Leveno shows that it uses soundmax for onboard.

If it is the addon soundblaster audigy card you may be able to right click it and
click update driver.
Let windows search automatically.
It's more than likely the onboard one though.


----------



## Tiggz (Jul 3, 2010)

I tried to install soundmax but its telling me that the audio files do not support your hardware. Note: if you uninstalled audio software without restarting your PC ,restart now,then run this setup again. I'm i doing something wrong


----------



## leroys1000 (Aug 16, 2007)

If you right click the device in device manager and click update driver,
then let windows search automatically,what happens?
Also make sure to extract the drivers before trying to install.
Installers usually can't run from a zip file.
For windows 7,just right click it and click extract all.


----------



## Tiggz (Jul 3, 2010)

I extract the files but when i right click the device in device manager and click update driver,then let windows search automatically. This is what it tells me now windows is unable to install your multimedia audio controller,windows could not find driver software for your device. If you knw the manufacturer of your device, you can visit its website and check the support for driver software. I'm so fed up right now but i'm not gonna give up tho, its been like three weeks with no audio.


----------



## leroys1000 (Aug 16, 2007)

Ok,try to run the installer from the extracted folder.
I'll see if I can find something to properly identify the hardware.


----------



## leroys1000 (Aug 16, 2007)

Download this,the one without installer freeware version,to the desktop.
http://www.gtopala.com/siw-download.html
Run the program.
Check under hardware/devices for the multimedia controller.
Copy the info in the right pane and post it here.


----------



## Tiggz (Jul 3, 2010)

i hope this is what youre talking about !
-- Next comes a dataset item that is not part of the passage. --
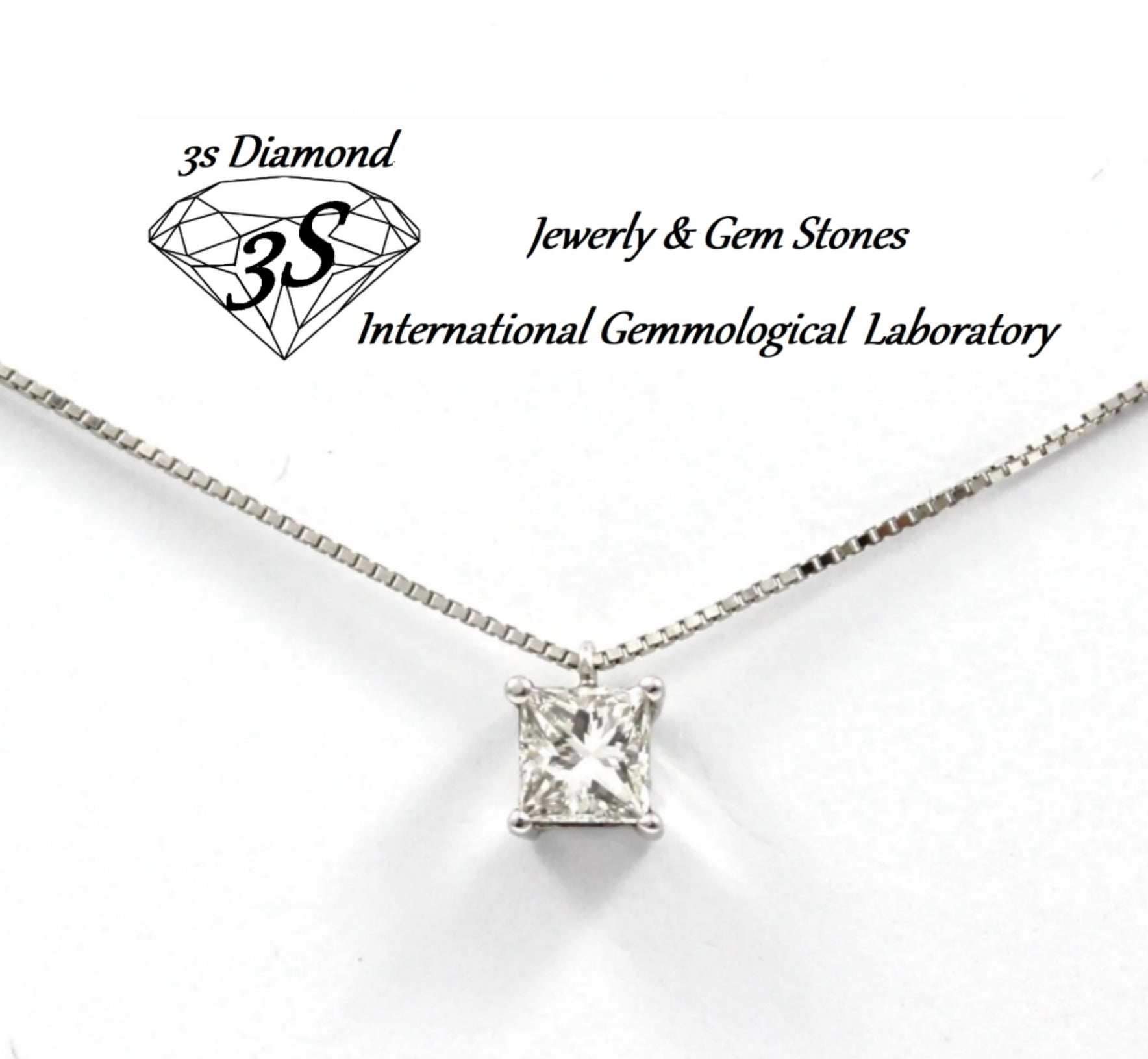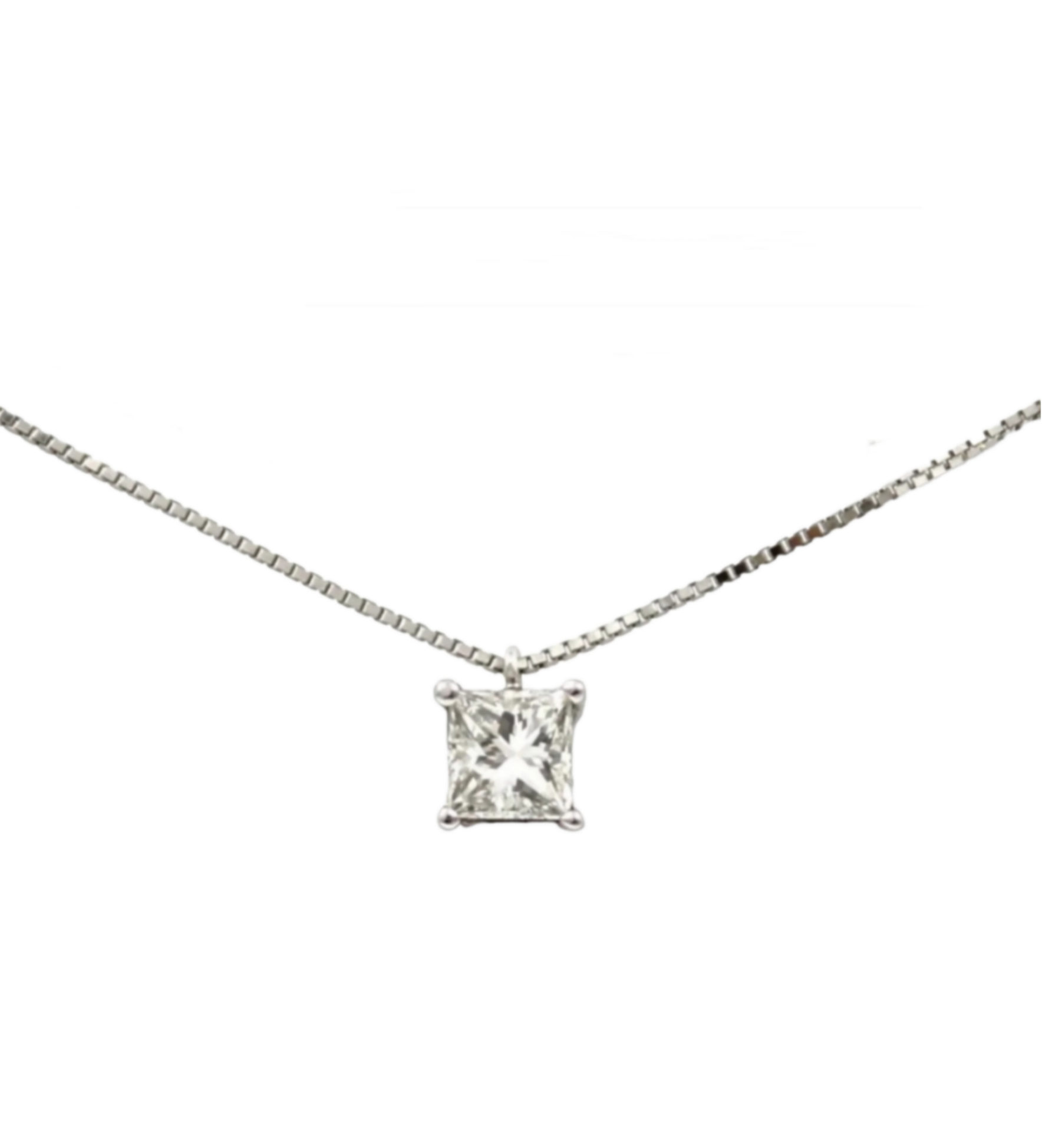 ciondolo punto luce in oro bianco e diamante naturale Taglio princess 0,25ct

The drivers for this device are not installed. (Code 28)
There is no driver selected for the device information set or element.
To find a driver for this device, click Update Driver.


----------



## leroys1000 (Aug 16, 2007)

I was hoping there would be some device id info.
You can keep that program or delete it.
It isn't installed.
OK,lets try this.
Right click the device in device manager.
Click properties.
Click the details tab.
In the dropdown,select hardware ID.
Right click each id and click copy.
Paste them here please.


----------



## Tiggz (Jul 3, 2010)

Here they are and thnx for keep replying & helping me,i appreciate it.

PCI\VEN_1073&DEV_0010&SUBSYS_00101073&REV_02
PCI\VEN_1073&DEV_0010&SUBSYS_00101073
PCI\VEN_1073&DEV_0010&CC_040100
PCI\VEN_1073&DEV_0010&CC_0401


----------



## leroys1000 (Aug 16, 2007)

I'm getting hits for an old yamaha sound card with drivers up to xp.
We'll try a work around.
Download the xp driver from here....
http://www.yamahamultimedia.com/yec/helpcenter/customer/help_win/soundcard_Whelp.html
Download it to your desktop.
After the file has downloaded,right click it and click properties.
Click the compatability tab.
Set it to compatability for xp.
Select run as administrator.
On the general tab,click unblock.
click apply/ok.
Run the program.
If this doesn't work.it may be time to find a cheap compatable sound card.


----------



## DoubleHelix (Dec 10, 2004)

Go to Lenovo's website, and find the drivers for your laptop.


----------



## leroys1000 (Aug 16, 2007)

I have already been to leveno.
The drivers only go to xp and say soundmax or audigy.
That is why I posted the updated soundmax driver.
It appears there may be an older yamaha card installed
on this particular system.
In any case,compatability is looking poor for windows 7
on this model.
That is why I want to try the workaround.
If they can get it working,good deal.


----------



## Tiggz (Jul 3, 2010)

it told me that useDLL failed ..couldn't load SETINF.DLL
I was wondering do you need two different partition for my computer because i only have windows 7 on it. It might sounds silly but if i remember correctly there were two different partition windows xp and a updated windows 7. This windows 7 is not compatible with alot a things and i don't remember the one i had before thats why its so hard to get the sound back.


----------



## leroys1000 (Aug 16, 2007)

No,don't need 2 partitions.
Just what I was afraid of,compatability problem.
I think what we are looking at here,is there is a pci sound card installed
and the onboard audio is disabled.
Are your speakers connected down by the pci slots or up higher
at the motherboard connectors?

If there is an old pci yamaha card in there,you might be able to remove it
and reenable the onboard and try the soundmax drivers again.
You would have to connect the speakers to the motherboard connector.


----------



## leroys1000 (Aug 16, 2007)

Still there?


----------